╔══

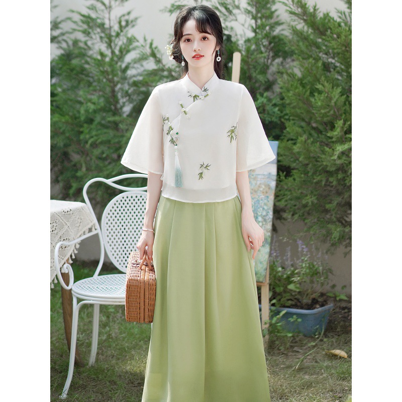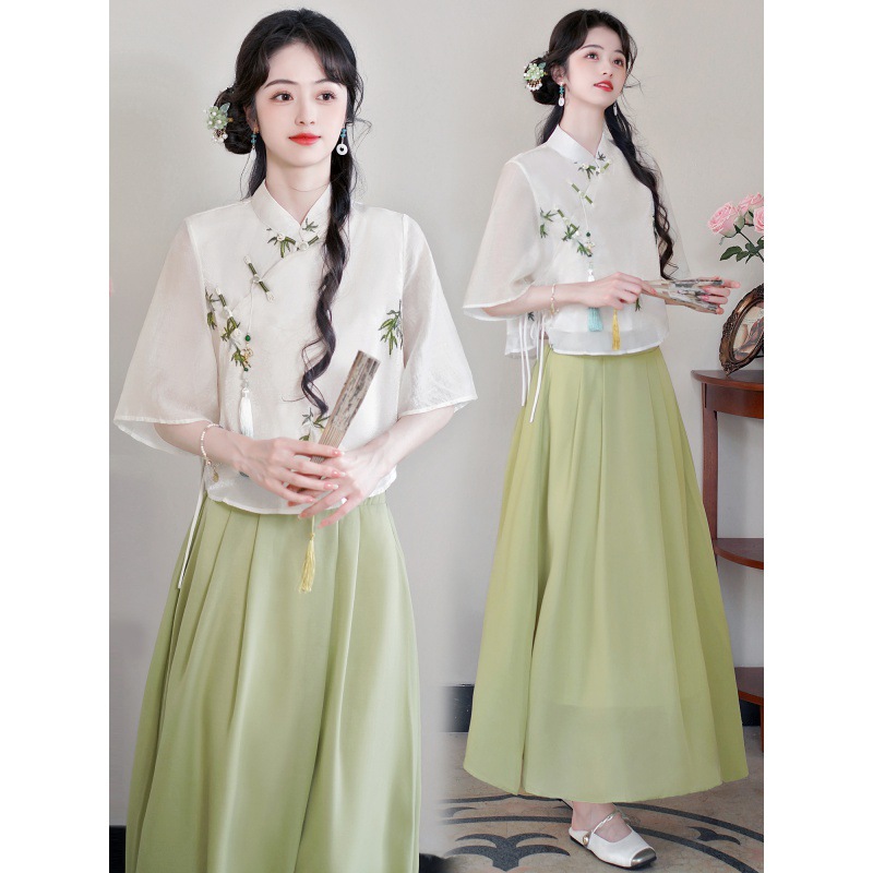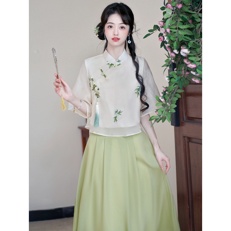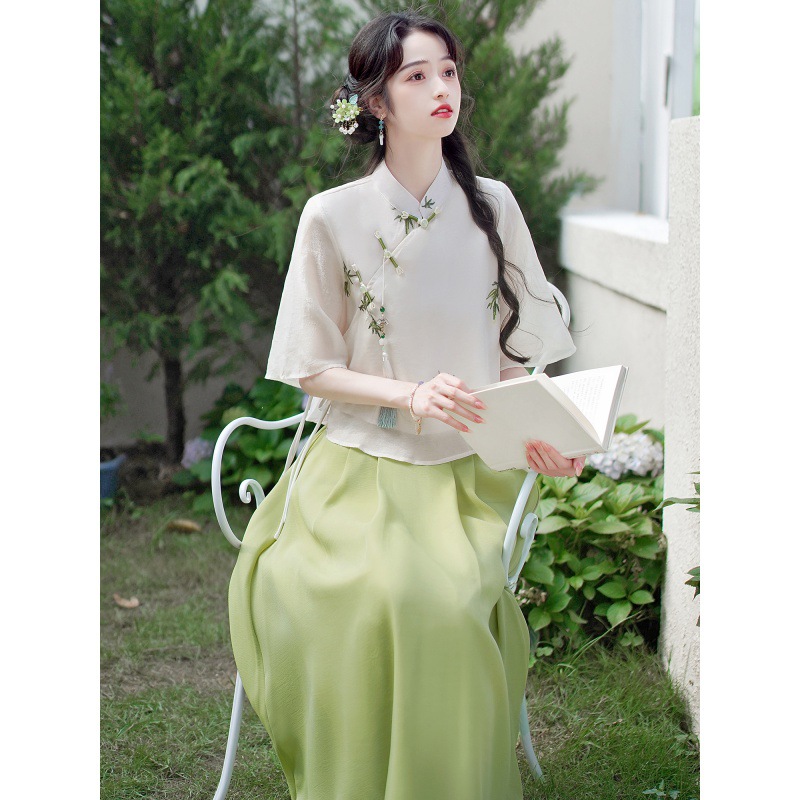 | nameOriginal | Summer New Women's Clothing Retro Art National Style Seven-point Sleeve Embroidered Vertical Collar Daily Travel Shirt Top |
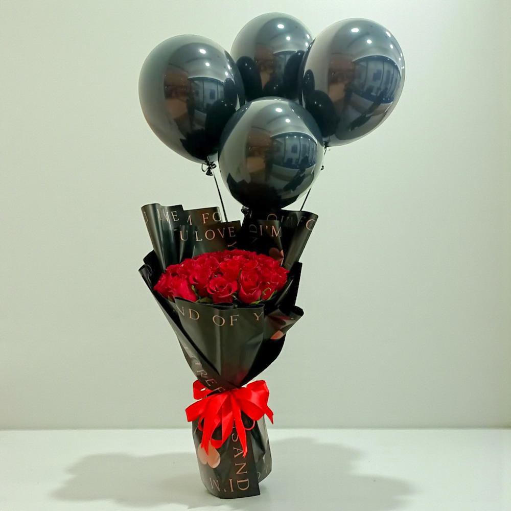 A sophisticated and dramatic bouquet featuring a dense cluster of vibrant red roses wrapped in premium black typography paper. The design is elevated by 4 glossy black balloons and finished with a classic red ribbon, creating a luxurious contrast that is ideal for anniversaries or romantic surprises.
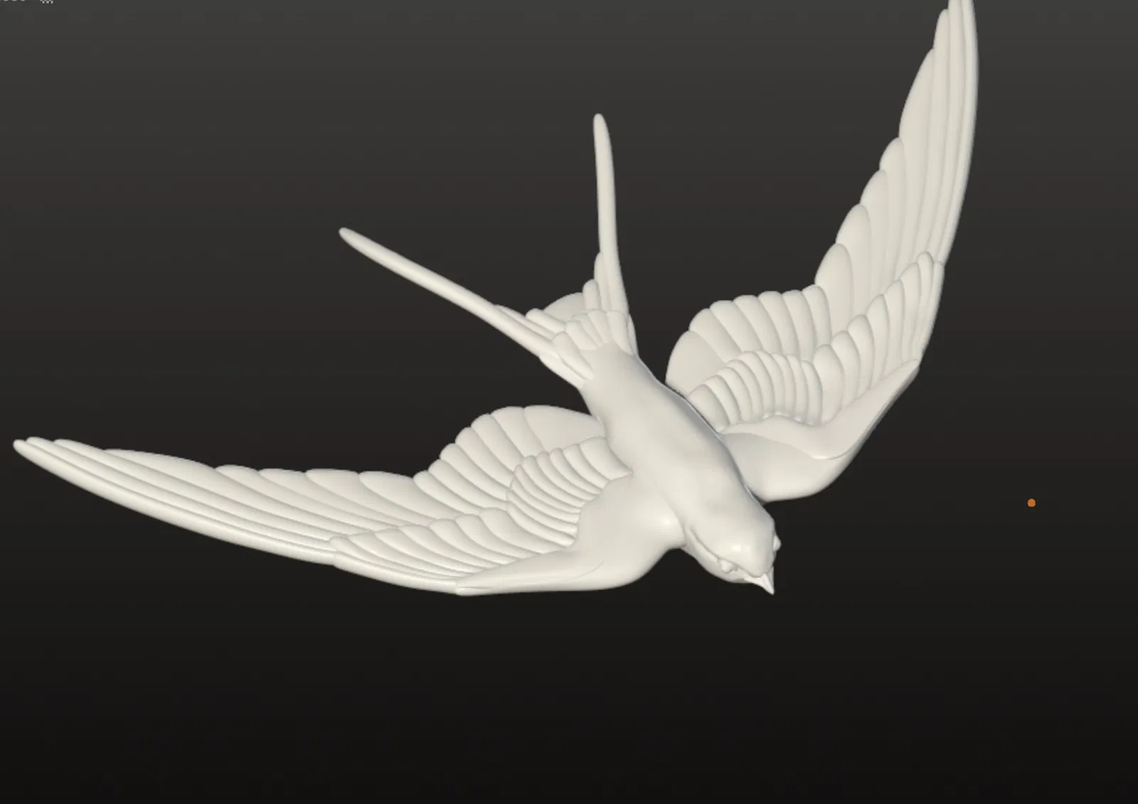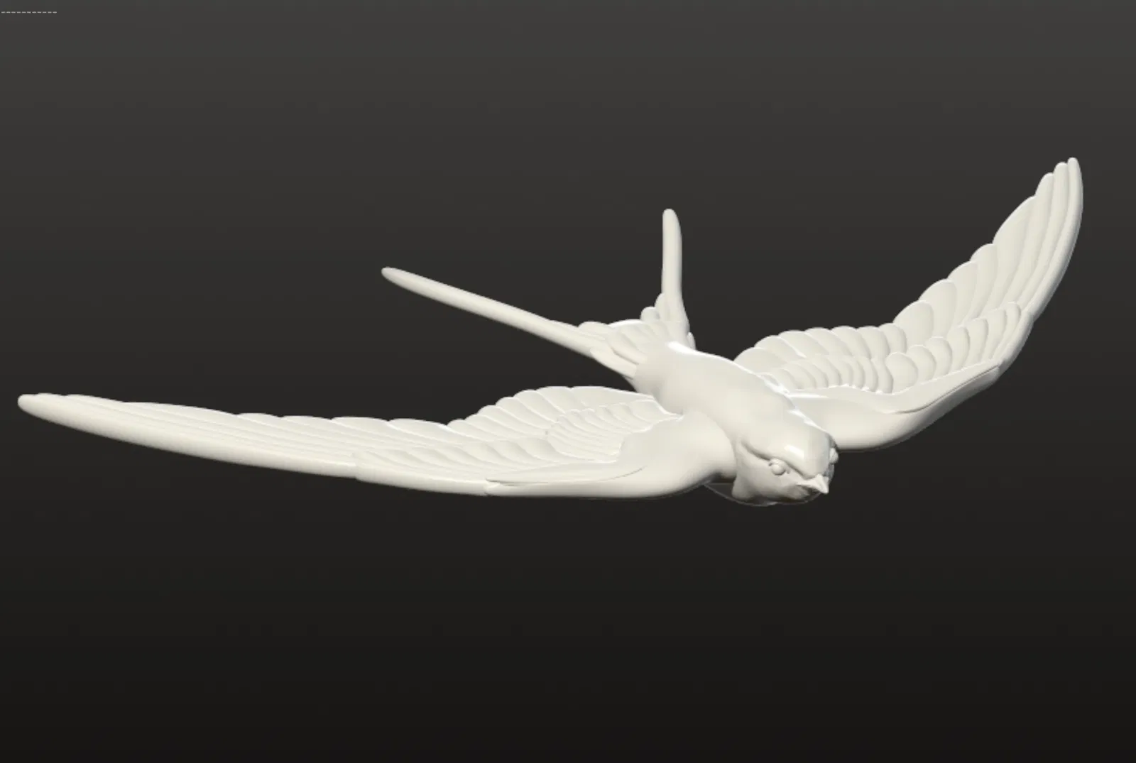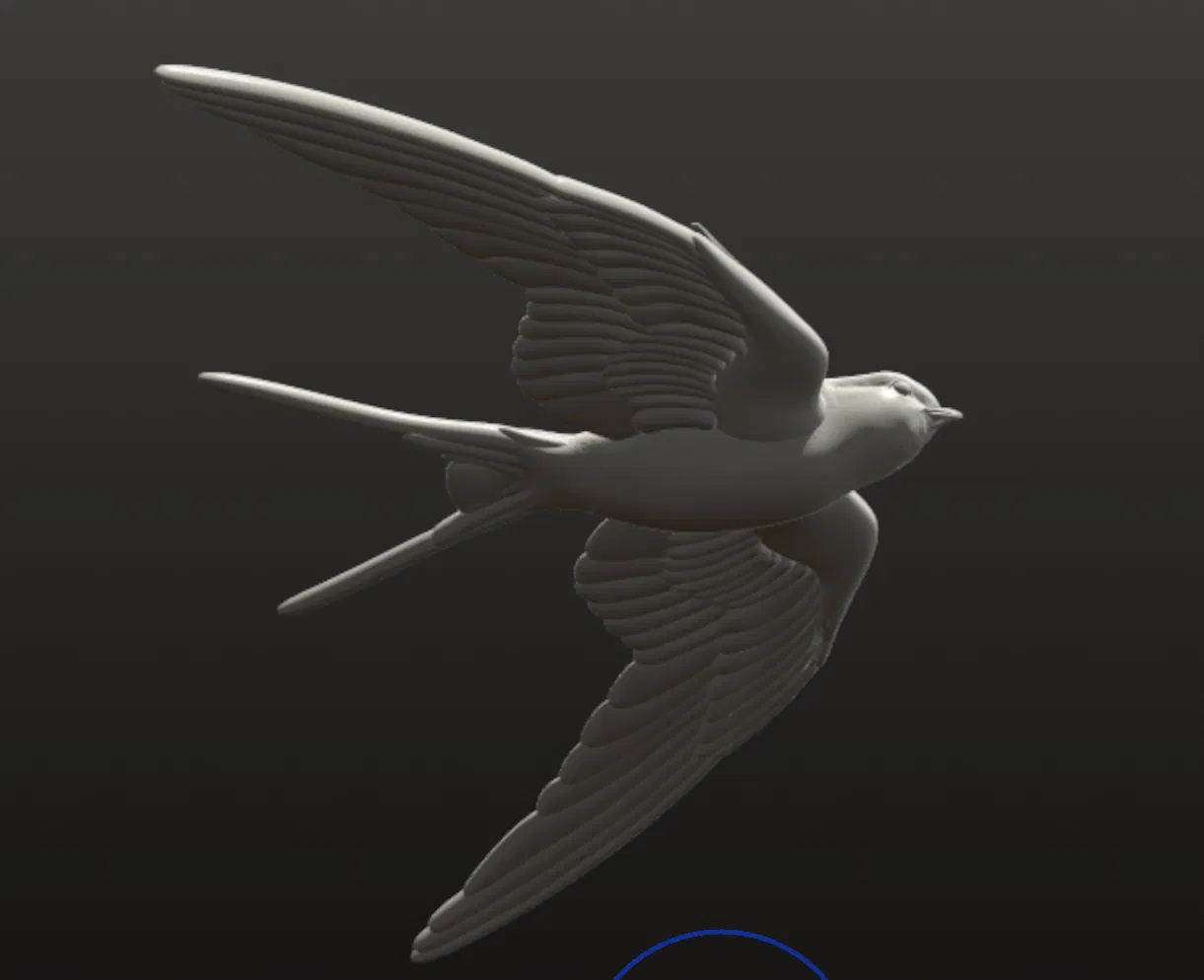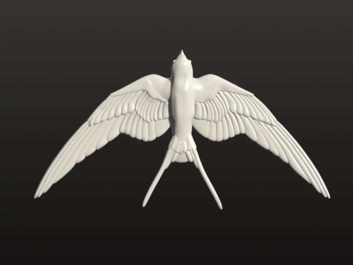 Mô hình 3D chi tiết của chim én đang dang rộng đôi cánh bay lượn trên bầu trời. Tui tự tay làm mô hình này vì không tìm được mẫu miễn phí nào trên mạng cả.

╚══

WHAT TO PRODUCE.
From the line that contains "A sophisticated and" to the last line of the data above, inclusive, transcribe every line exactly and only those lines, omitting pictures.

ANSWER TO THIS PROBLEM.
 A sophisticated and dramatic bouquet featuring a dense cluster of vibrant red roses wrapped in premium black typography paper. The design is elevated by 4 glossy black balloons and finished with a classic red ribbon, creating a luxurious contrast that is ideal for anniversaries or romantic surprises.
 Mô hình 3D chi tiết của chim én đang dang rộng đôi cánh bay lượn trên bầu trời. Tui tự tay làm mô hình này vì không tìm được mẫu miễn phí nào trên mạng cả.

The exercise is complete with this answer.